RECORDS SUPPLIED →
== Segment start ==
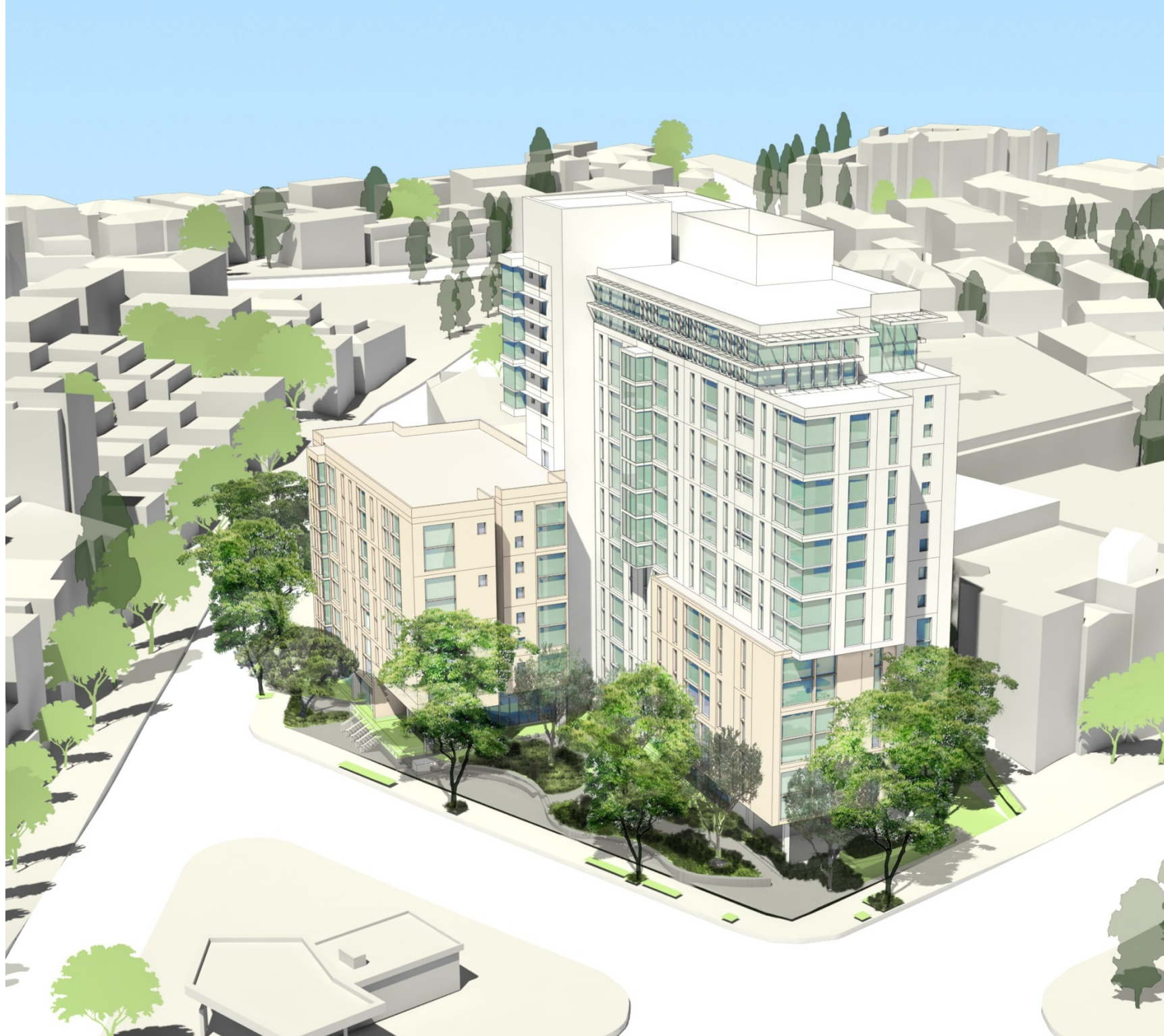
Aerial View Looking Northwest
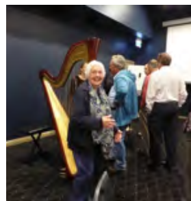
Rediscovering Music Day
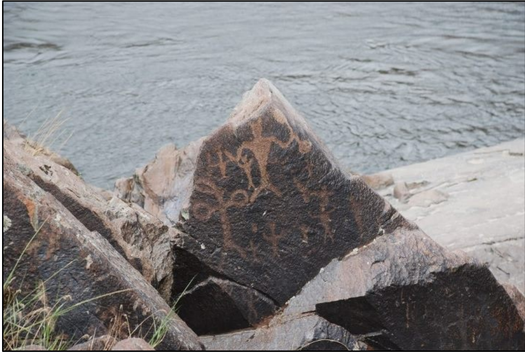
Figure 1. Buffalo Eddy Petroglyph on the Snake River, near Asotin, WA.

The event that has single-handedly compelled me to protect the cultural and natural resources and histories of Native Americans occurred on the traditional area that my clan frequented. I was a young child living on the Nez Perce reservation in Idaho; it was summer in the mid-1980s. Every summer my family travelled to Buffalo Eddy (see Figure 1.), a beach on the Snake River along the Washington and Idaho border. This spot contained the stories of my ancestors etched onto the black walls of the cliffs, they were beautiful, symmetrical, and asymmetrical at the same time: swirls, fish, people, and animals. The petroglyphs recreated vivid accounts of the past and of our people's accomplishments. I was completely amazed at what I saw and heard. I wanted to touch and feel the marks my ancestors left, but my Dad would not let us, instead he told us to feel the rock wall of the cliff and close our eyes and contemplate what we had taken in and the stories of
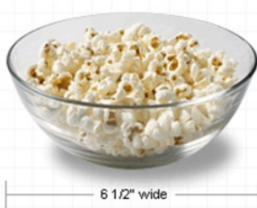
3 cups popcorn
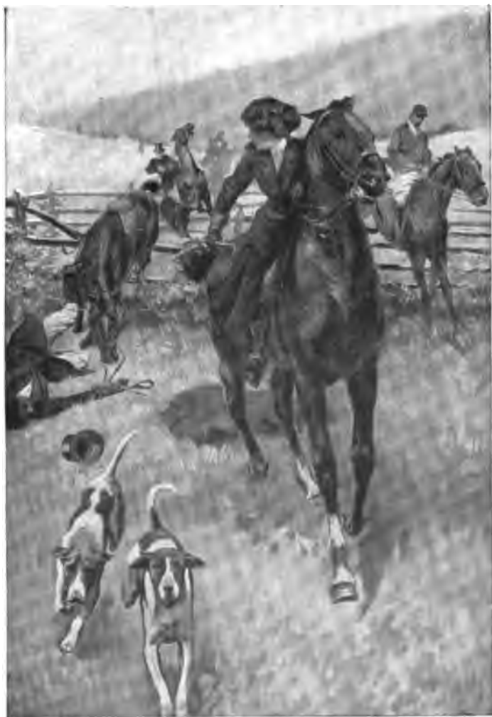
"Turning, she saw Mrs. Cheyne's horse go crashing through the fence."
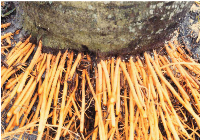
Figure 4. Large numbers of new roots arising from a palm's root-initiation zone.

The question of how a palm responds to having its roots cut is central to palm transplanting success. To answer that question, Broschat and Donselman (1984; 1990b) demonstrated in a series of experiments that different palm species respond differently (Table 1). For example, when roots of Sabal palmetto were cut, virtually all cut roots died back to the trunk and were eventually replaced by massive numbers of new roots originating from the root-initiation zone (Figure 4). As a result of this response, it didn't matter whether roots of a Sabal palmetto were cut close to the trunk or 3 feet away from the trunk.
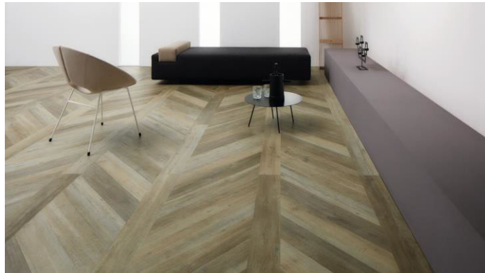
Hungarian Point Laying Option 2

Note: As with any geometric design, irregularities or undulations in the subfloor can result in the bond of tiles or planks drifting during installation. This is particularly important with the installation of Hungarian point planks if the points of the planks are to meet consistently and particular attention should be given to the preparation of the subfloor to ensure that the highest level of subfloor regularity is achieved i.e. within SR1 surface regularity standard
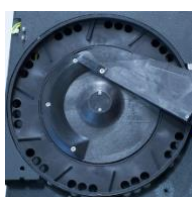
Low noise coin disk with cleaning-holes
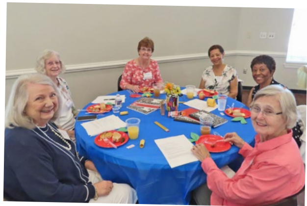
Great smiles abound at this table.
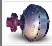
Fluid Coupling (FCU/SDFC)
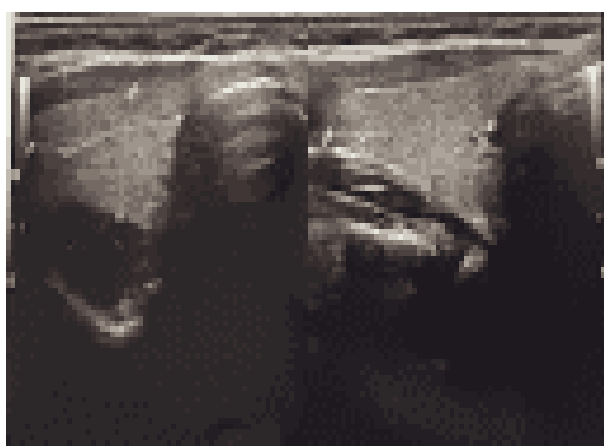
Figure 2 Neck ultrasonography results showed giant cyst lesion on parathyroid glands.

On Neck ultrasonography results showed giant cyst lesion on parathyroid glands, normal size thyroid, homogeneous parenchymal echogenic without focal lesions and without lymph enlargement (fig. 2). On Head CT Scan examination found suspect metastatic bone (fig. 3),
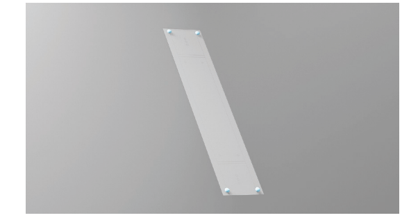
Apply adhesive putty to the back
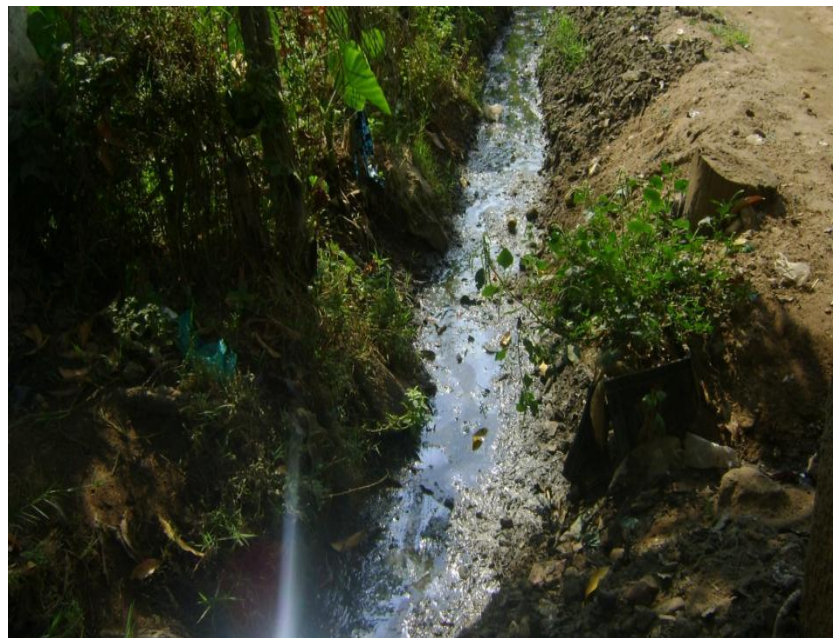
FIGURE 9: A POORLY MAINTAINED DRAINAGE CHANNELS
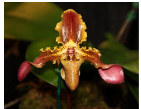
Paph. hirsutissimum var. esquirolei

This program provides an outline of the three basic categories of Paphiopedilum species, their origins and culture.
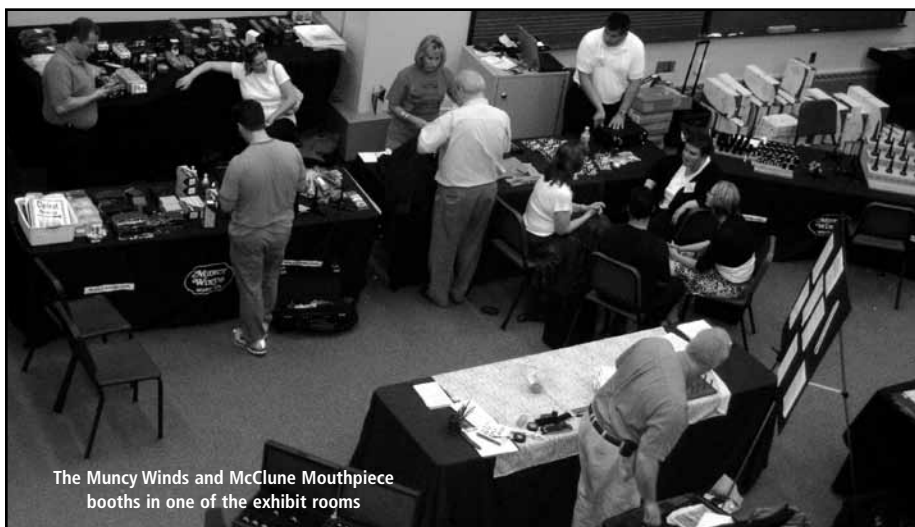
The Muncy Winds and McClune Mouthpiece booths in one of the exhibit rooms

MANDARIN - SZECHWAN - HUNAN - CANTONESE - ASIAN STYLE NOODLES
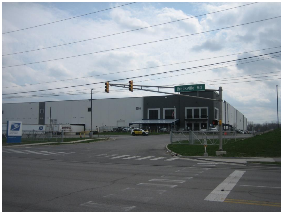
Light industrial warehouse distribution center to the south.
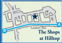
The Shops at Hilltop
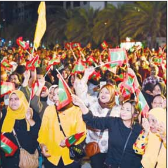
Opposition supporters wave Maldivian national flags during an anti-government protest in Male, Maldives on Oct 3.

Protesters called for a stop to restrictions on the use of decentralized power by island councils, withdrawal of a new law enabling fines and suspension or cancellation of media licenses and mismanagement of state enterprises.
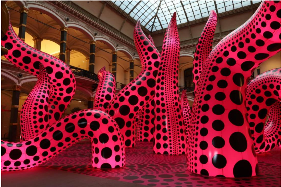
A Bouquet of Love I Saw in the Universe , 2021, Installation view at Gropius Bau, Berlin. ©YAYOI KUSAMA, Courtesy of Ota Fine Arts, YAYOI KUSAMA FOUNDATION
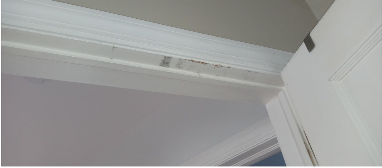
Bedroom 2 Door Jamb
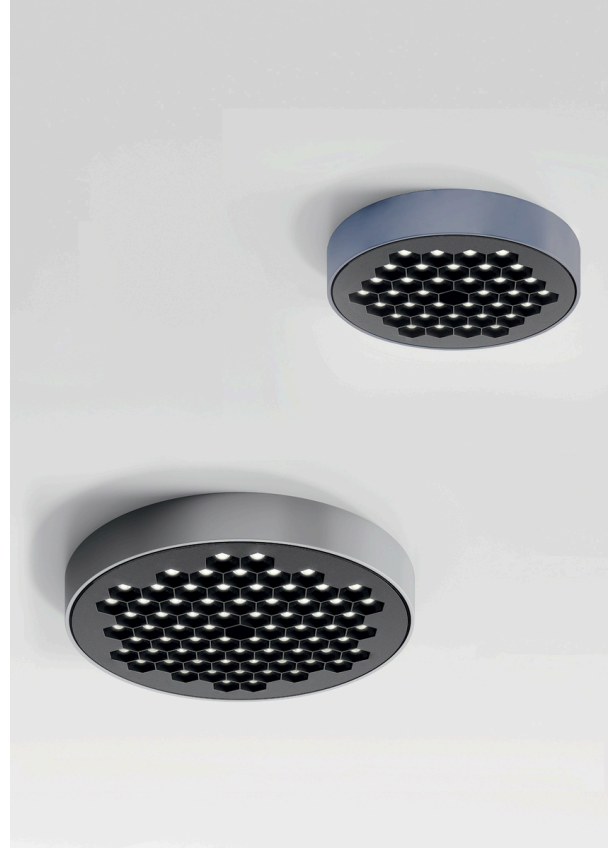
Helgoland SMD No driver version
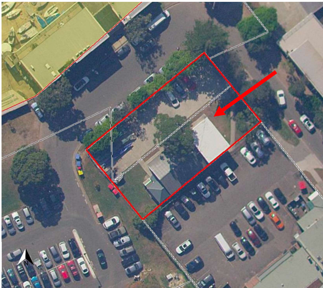
Figure 7: Aerial photograph over the site with Scout Hall indicated by arrow (SIX Maps; annotation by WP Heritage and Planning)
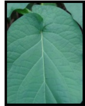
Piper auritum

Piper auritum Kunth (A genus of about 2,000 pantropical species.) Piperaceae. Ear-leafed pepper, Veracruz pepper, rootbeer plant, hoja santa. This perennial shrubby species, growing 3-6 m tall, is native from Mexico through Central America into northern South America. The simple leaves are cordate to 30 cm long with acuminate tips and unequal lobes ("ears") at the base and slightly winged petioles. The leaves contain ethereal oils that produce a strong aroma of anise when crushed. The inflorescence is a slender, arching spike of typical reduced, white Piperaceae flowers consisting of a bract surrounding the pistil and stamens. The fruit is a drupe, dispersed by bats. In Central America and Mexico, the leaves are used in cooking or as a condiment. This is one of the hardiest members of the Piperaceae and is found as an ornamental as far north as USDA Zone 8A, where it might freeze to the roots in winter. (St. Lucie County; B2008-182; Dagne A. Vasquez; 8 April 2008) (Kunkel 1984; Llamas 2003; http://www.fao.org ; http://www.hear.org/starr/hiplants/images/thumbnails/html/piper_auritum.htm )
== Segment end ==
WHAT THIS TASK INVOLVES → Gather from the entries above all lines that include the string "Aerial".

RESULT →
Aerial View Looking Northwest
Figure 7: Aerial photograph over the site with Scout Hall indicated by arrow (SIX Maps; annotation by WP Heritage and Planning)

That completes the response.